Quasi come se dovesse comporre la sua autobiografia nel capitolo 1, Popper svela il motivo
per cui chiamato a parlare nel corso organizzato dal British Council nel 1953 e relativo agli
sviluppi e le tendenze della filosofia britannica contemporanea, aveva deciso di presentare ai
partecipanti, tutti colleghi filosofi, una sintesi dei lavori condotti sulla filosofia della scienza a
partire dal 1919. Il problema che nella fase giovanile del suo pensiero si era posto era il
seguente: "esiste un criterio per determinare il carattere scientifico di una teoria?"(2003, pag.
61). L’esistenza di questo criterio comporterebbe il poter "stabilire una distinzione fra scienza e
pseudoscienza"(2003, pag.61).Pertanto, quello che l’autore pone in discussione è il “problema
della demarcazione”(2003, pag.71) e cioè come riconoscere una teoria scientifica da una teoria
non scientifica?
Nel periodo giovanile della strutturazione delle sue concezioni, alcune teorie emergenti
creavano grande fermento intellettuale, tutte vantavano carattere di scientificità.

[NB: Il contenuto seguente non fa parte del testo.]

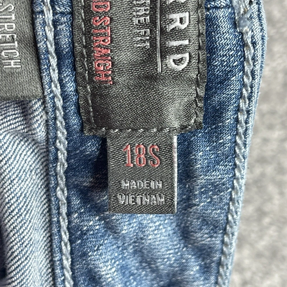 Size Type: Plus Seller Notes: “In excellent, pre-owned condition with no flaws to note.” Garment Care: Machine Washable Material: Cotton Blend Closure: Zip Brand: Torrid Inseam: 26.5 in Fit: Regular Type: Jeans Vintage: No Rise: Mid (8.5-10.5 in) Size: 18 Waist Size: 38 in Style: Straight Fabric Wash: Light Department: Women Features: Stretch Season: Fall, Spring, Summer, Winter Pattern: Solid Color: Blue Fabric Type: Denim

Le teorie
froidiane della psicoanalisi quelle del marxismo e quella formulata da Einstein tra il 1905 e il
1915 in ambito fisico: la teoria della relatività. Queste teorie avanzavano la pretesa di
scientificità e proprio su questa pretesa di scientificità si imposta la riflessione di Popper che
operando una differenza tra le tre teorie emergenti fa cogliere al lettore il senso della sua
argomentazione a sostegno della ricerca di una linea di demarcazione.

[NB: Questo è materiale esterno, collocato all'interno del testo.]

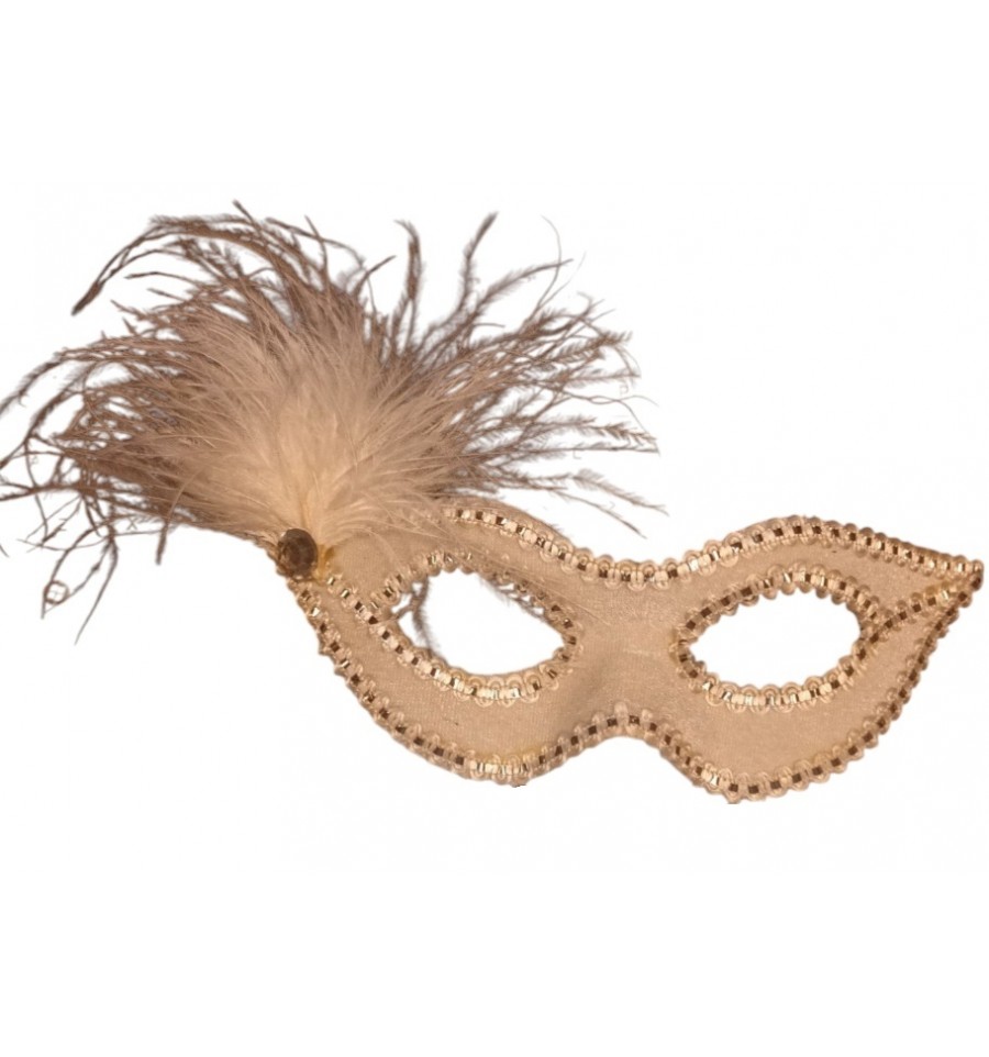 Maska karnawałowa ozdobiona delikatnym piórkiem i subtelną srebrną aplikacją.

Una teoria scientifica opera predizioni relativamente al comportamento di alcuni fenomeni
naturali che, se confutate, invalidano totalmente o in parte la teoria medesima; ogni teoria
scientifica è perciò una “teoria a rischio" nel senso che “se l’osservazione mostra che l’effetto
previsto è del tutto assente, allora la teoria risulta semplicemente confutata. Essa è
incompatibile con certi possibili risultati dell’osservazione“( 2003, pag.66). La teoria della
relatività di Einstein, in quanto teoria scientifica, aveva previsto la misura della curvatura della
luce di una stella causata dalla gravitazione del Sole; nel corso dell'eclisse del 1919 Eddington
riuscì a misurare la curvatura della luce di una stella per effetto della gravitazione del Sole e i
dati si accordarono con le previsioni contenute nella teoria stessa. Se la misura avesse fornito
risultati non adeguati, la teoria di Einstein sarebbe stata rifiutata.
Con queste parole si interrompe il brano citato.